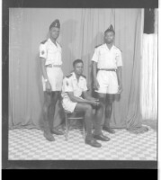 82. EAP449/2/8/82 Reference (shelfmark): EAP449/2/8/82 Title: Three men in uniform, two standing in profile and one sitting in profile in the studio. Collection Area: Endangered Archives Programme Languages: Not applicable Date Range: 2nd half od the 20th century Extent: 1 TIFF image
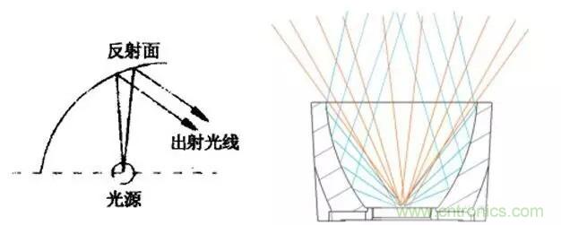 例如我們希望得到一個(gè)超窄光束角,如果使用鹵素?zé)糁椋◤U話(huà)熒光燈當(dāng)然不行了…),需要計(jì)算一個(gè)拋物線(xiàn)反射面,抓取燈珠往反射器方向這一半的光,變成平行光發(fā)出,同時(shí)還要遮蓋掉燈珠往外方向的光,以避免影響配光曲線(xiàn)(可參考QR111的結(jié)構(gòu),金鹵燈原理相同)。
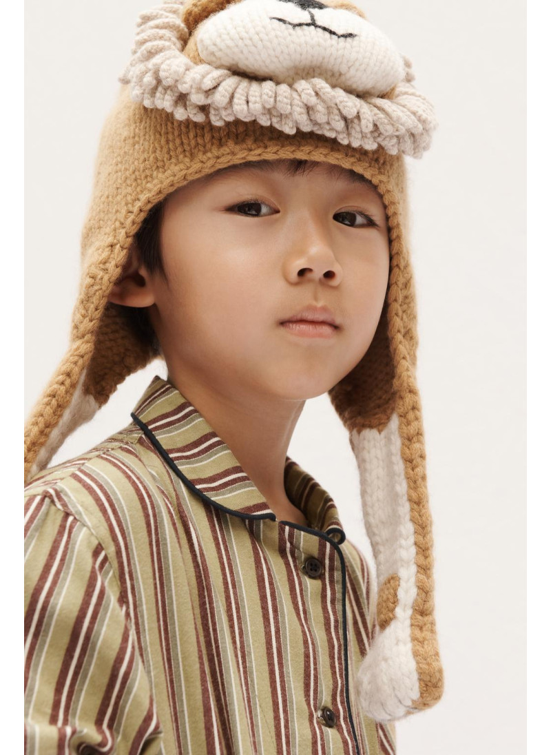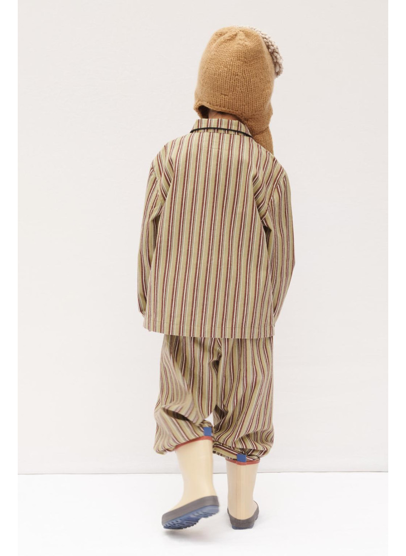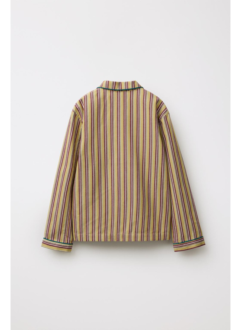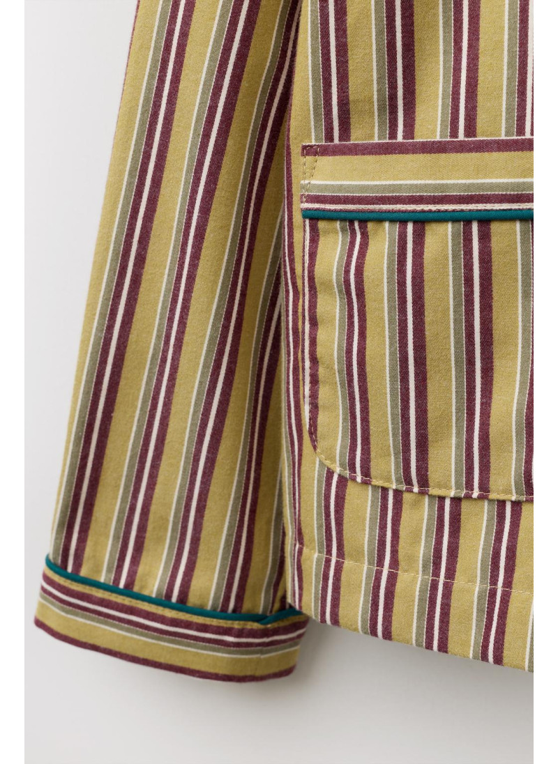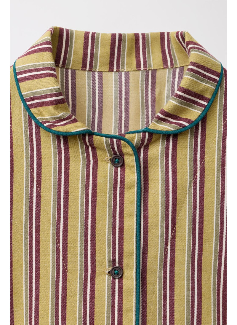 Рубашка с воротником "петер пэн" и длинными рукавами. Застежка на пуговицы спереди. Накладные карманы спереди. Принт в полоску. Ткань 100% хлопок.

--

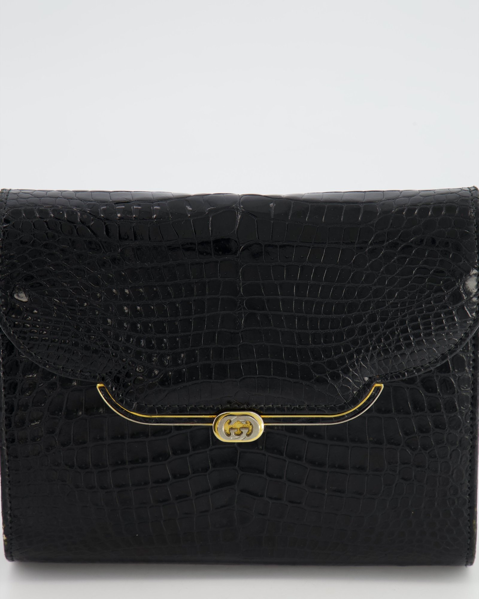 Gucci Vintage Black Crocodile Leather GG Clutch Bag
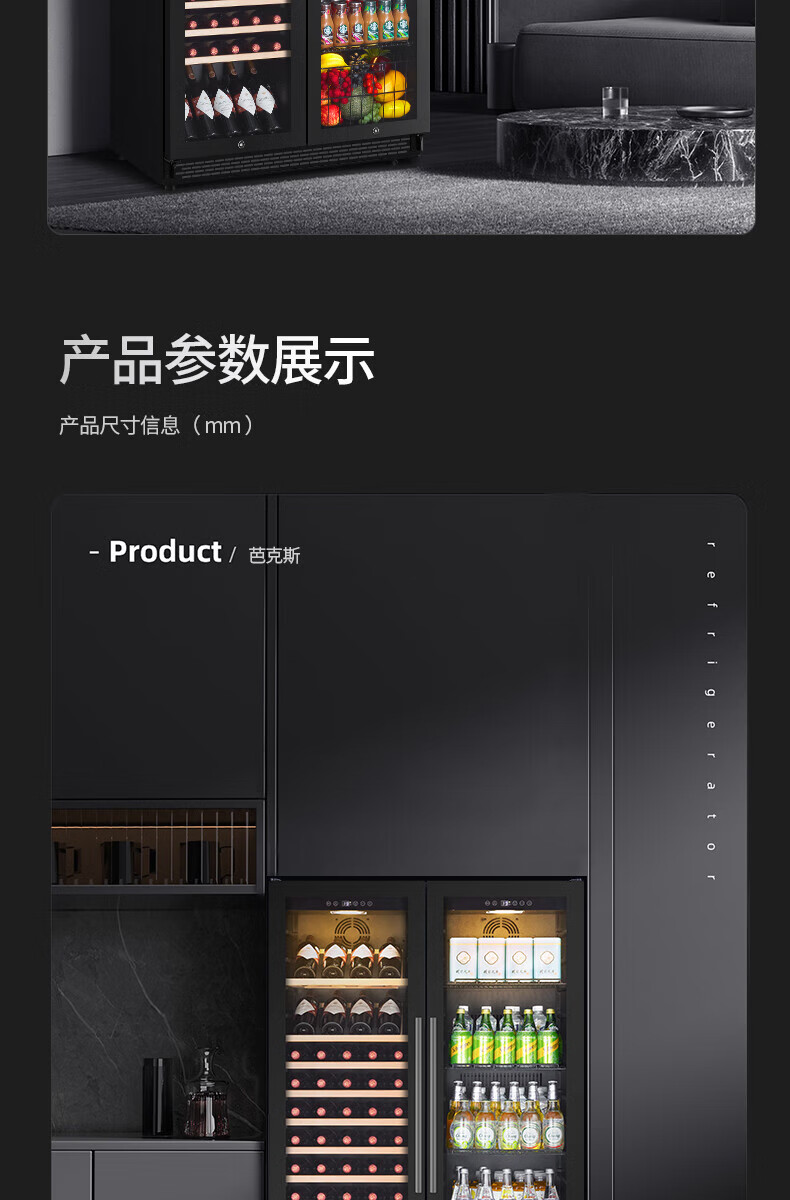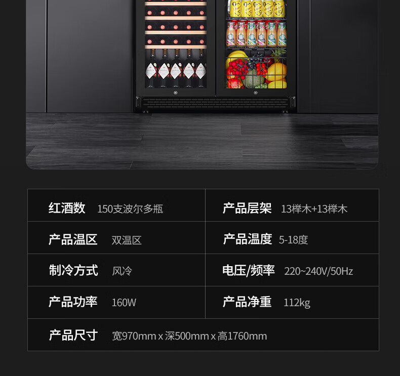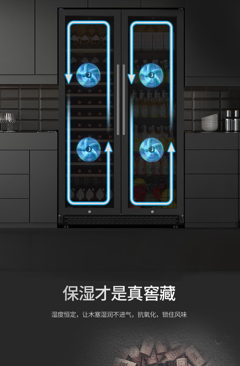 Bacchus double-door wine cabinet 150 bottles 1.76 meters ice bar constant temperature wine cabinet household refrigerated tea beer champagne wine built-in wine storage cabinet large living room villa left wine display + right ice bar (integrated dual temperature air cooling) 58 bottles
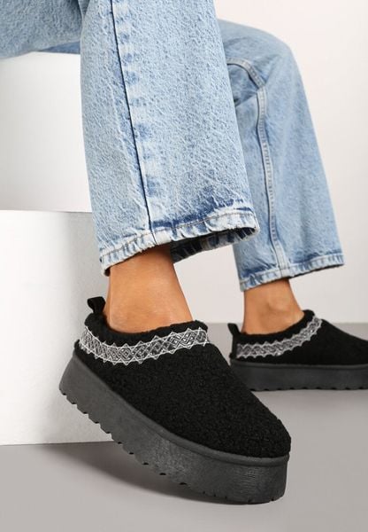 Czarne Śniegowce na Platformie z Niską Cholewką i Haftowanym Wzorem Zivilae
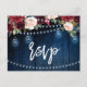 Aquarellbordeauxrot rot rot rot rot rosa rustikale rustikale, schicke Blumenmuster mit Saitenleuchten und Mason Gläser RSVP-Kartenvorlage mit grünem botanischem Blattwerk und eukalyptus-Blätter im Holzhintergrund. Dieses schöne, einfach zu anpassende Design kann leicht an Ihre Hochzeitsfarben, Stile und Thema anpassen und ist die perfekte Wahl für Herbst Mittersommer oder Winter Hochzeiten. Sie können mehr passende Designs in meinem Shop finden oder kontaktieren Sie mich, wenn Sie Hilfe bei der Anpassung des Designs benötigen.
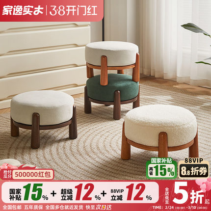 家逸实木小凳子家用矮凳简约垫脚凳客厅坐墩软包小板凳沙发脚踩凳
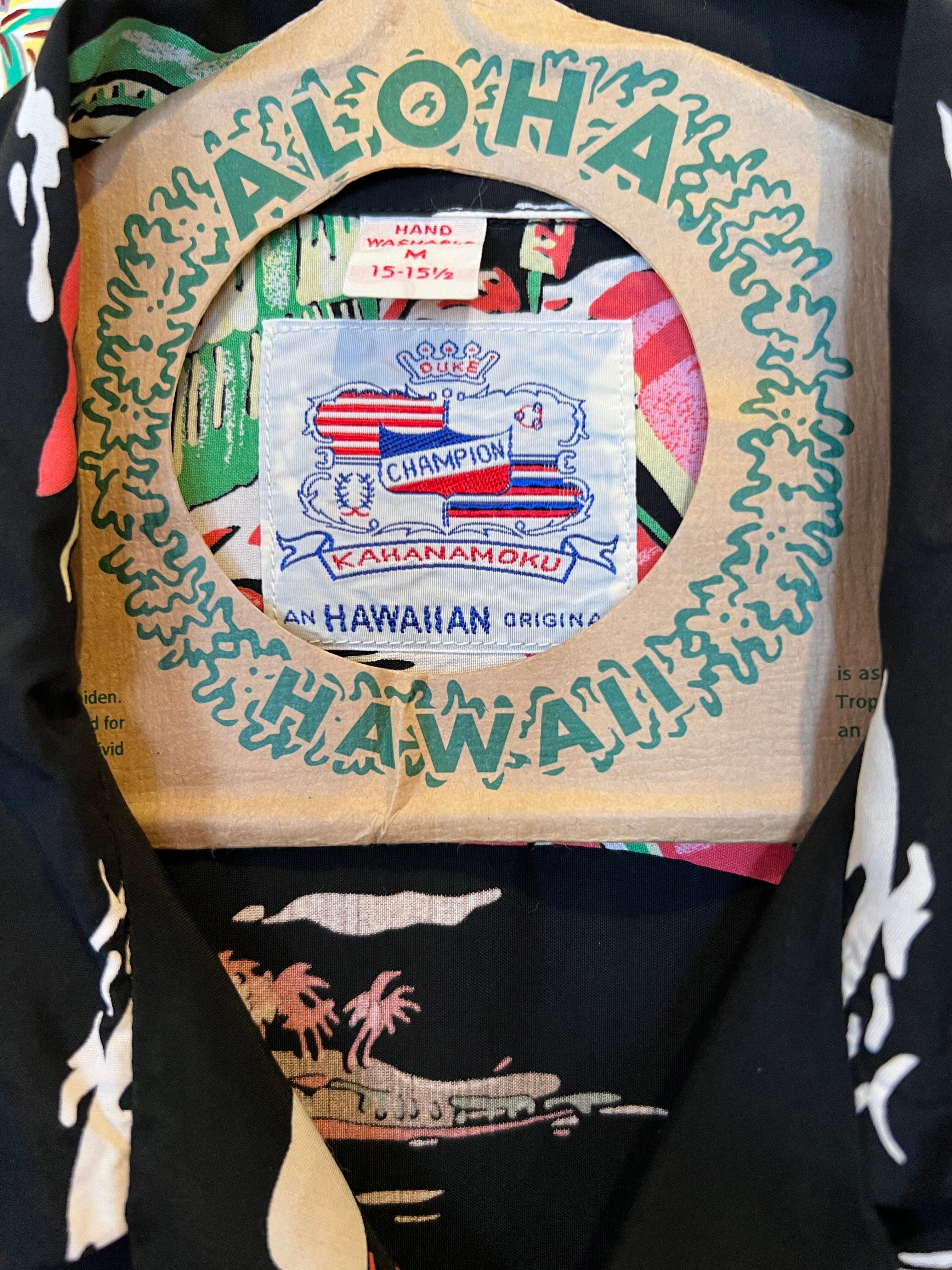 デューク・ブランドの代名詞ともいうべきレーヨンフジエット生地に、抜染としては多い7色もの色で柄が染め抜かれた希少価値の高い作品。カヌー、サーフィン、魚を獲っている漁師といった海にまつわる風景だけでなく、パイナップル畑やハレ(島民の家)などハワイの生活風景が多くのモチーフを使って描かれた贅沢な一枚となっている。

WORK TO BE COMPLETED: Find the line with "82. EAP449/2/8/82 Reference" and the line with "例如我們希望得到一個(gè)" in the records above. Copy both and all lines between them exactly, without pictures.

EXERCISE OUTPUT:
 82. EAP449/2/8/82 Reference (shelfmark): EAP449/2/8/82 Title: Three men in uniform, two standing in profile and one sitting in profile in the studio. Collection Area: Endangered Archives Programme Languages: Not applicable Date Range: 2nd half od the 20th century Extent: 1 TIFF image
 例如我們希望得到一個(gè)超窄光束角,如果使用鹵素?zé)糁椋◤U話(huà)熒光燈當(dāng)然不行了…),需要計(jì)算一個(gè)拋物線(xiàn)反射面,抓取燈珠往反射器方向這一半的光,變成平行光發(fā)出,同時(shí)還要遮蓋掉燈珠往外方向的光,以避免影響配光曲線(xiàn)(可參考QR111的結(jié)構(gòu),金鹵燈原理相同)。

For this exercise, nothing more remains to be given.